Videos from the scene showed volunteers working with police and security services to sift through the rubble as smoke billowed from the hospital, as staff described how they tried to rush children to safety in the wake of the attack. Ukraine’s health minister Viktor Liashko said intensive care units, oncology departments and surgery units had been damaged.

“The key task here is to get people out of the rubble and provide assistance to those we can reach, as we have already taken out all the first ones,” he said in a Telegram post.

The attacks were part of a rare daylight bombardment on Ukrainian cities, some of which are heavily populated areas far from the front lines. It came a day before US President Joe Biden hosts a crucial NATO Summit in Washington, where new announcements over the alliance’s military, political and financial support for Kyiv are expected.

Russia’s defense ministry on Monday claimed that Moscow had struck “military industrial facilities of Ukraine and air bases of the Ukrainian armed forces” using long-range, high-precision weapons.

Eyewitnesses recount hospital strike

Natalia Sardudinova, a senior nurse, described the moment the strike hit the hospital saying that “it was scary, but we survived.”

She said two children had been in the operating theaters at the time of the blast, and both were relocated to the basement shelter once their procedures were completed.

“Everything was in smoke, there was no air to breathe. The doctor was cut by shrapnel. The windows and doors were blown out. One nurse in the hospital was heavily injured,” Sardudinova added. “My hands are still shaking. They don’t let anyone in now, they are afraid it will collapse.”

Yulia Vasylenko, the mother of an 11-year-old cancer patient at the hospital, said her son Denys was evacuated outside following the strike.

“My son is on painkillers. He has cancer. He has been without medication for half a day. He was brought down the stairs from the third floor. There was smoke (and) heavy dust,” she said.

“The lights went out, everything went out. We pulled out the instruments, shining flashlights. Everything was sewn up quickly,” Filimonova said. “The baby was brought down (to the shelter). I immediately ran to help clear the rubble. Some of my nursing colleagues who worked in the operating theaters and some doctors were cut by glass fragments. Our department was destroyed.”

Another operating theater nurse, Oksana Mosiychuk, said they sheltered in the emergency room when the explosion rocked the building. After that, she added, the medical team had to extinguish a blaze that broke out in their department, including an operating table which had caught fire.

“Fortunately, everyone is alive. One of our colleagues was heavily injured, he had numerous cuts and shrapnel wounds, and was taken away by an ambulance. I also have minor shrapnel wounds, but I’m fine. It was very scary. I was scared for the children,” she said.

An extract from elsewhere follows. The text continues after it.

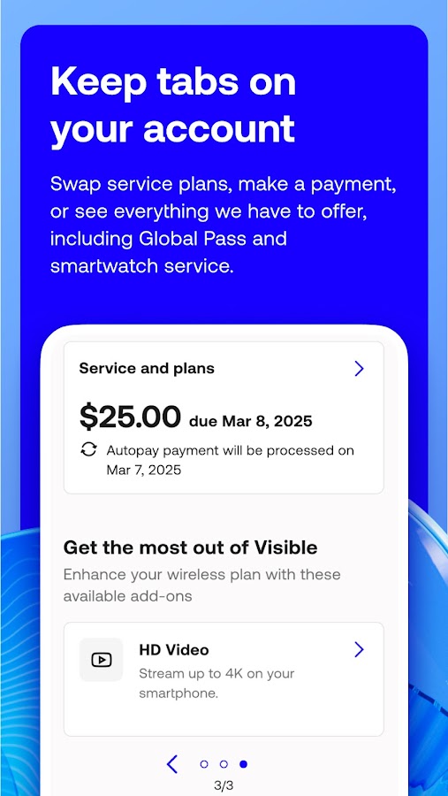 Приложение Visible упрощает управление вашими услугами: вы можете совершить платеж, обновить свой план и получить круглосуточную помощь всего за несколько нажатий. Вот краткий обзор того, что еще вы можете сделать в приложении:

Zelensky calls for UN action

Ukrainian President Volodymyr Zelenksy said in a post on X that the exact number of casualties at the hospital was not yet known and that “there are people under the rubble” but that everyone from doctors to local residents are helping clear debris in the strike’s aftermath.

“Apartment buildings, infrastructure, and a children’s hospital have been damaged. All services are engaged to rescue as many people as possible,” Zelensky wrote in a post on X.

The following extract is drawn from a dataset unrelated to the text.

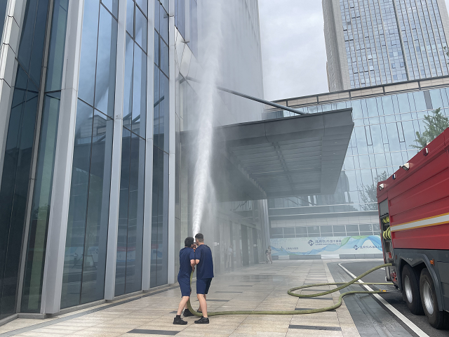 6月24日下午3時,消防應急演練總指揮下達演練開始指令。隨著煙霧彈在辦公樓內拋擲,煙霧觸發安糧中心辦公樓火警警報,頓時消防警報和消防警鈴響起。隨后各小組迅速按照部署展開滅火救援行動,消防和應急救援隊員有序引導員工緊急疏散撤離至避難層,緊接著包河區應急救援大隊消防救援車輛到達現場,開展了火情偵查、外圍滅火等系列滅火救援行動。整個演練過程中,各小組配合默契、分工有序,圓滿完成了緊急報警、警戒疏散、醫療救護和滅火救援等演練環節,及時排除了火災險情,有效達到了演練目的和預期效果。

The bombardment struck targets in the capital Kyiv as well as in Dnipro, Kryvyi Rih, Slovyansk and Kramatorsk.

Zelensky later called for a United Nations Security Council meeting, while vowing retaliation over Monday’s strikes.

Ukraine shot down 30 out of 38 missiles launched by Russia during its attack on Monday, the commander of the Ukrainian Air Force said in a statement.

Russian forces used ballistic, cruise, guided and air-launched ballistic missiles in the strikes, Mykola Oleshchuk also said.

The Ukrainian security service said a cruise missile was used to attack Kyiv’s Okhmatdyt hospital.

In reaction to Monday’s bombardment, Ukraine’s defense minister Rustem Umerov said the country’s infrastructure was targeted by four dozen Kalibr cruise missiles and Kinzhal aero ballistic missiles, launched from Russia’s Volgograd region.

In a statement, Umerov continued to appeal for more air defense systems to support the war-torn country. Zelensky has repeatedly called on the West to provide it with more air defense systems to better protect its cities. Last month, he praised Biden for prioritizing the delivery of air defense systems after the two presidents signed a security agreement between their nations on the sidelines of the G7 summit in Italy.

Umerov said Monday that Kyiv was continuing “to work to ensure that the systems promised by our partners arrive in Ukraine as soon as possible.”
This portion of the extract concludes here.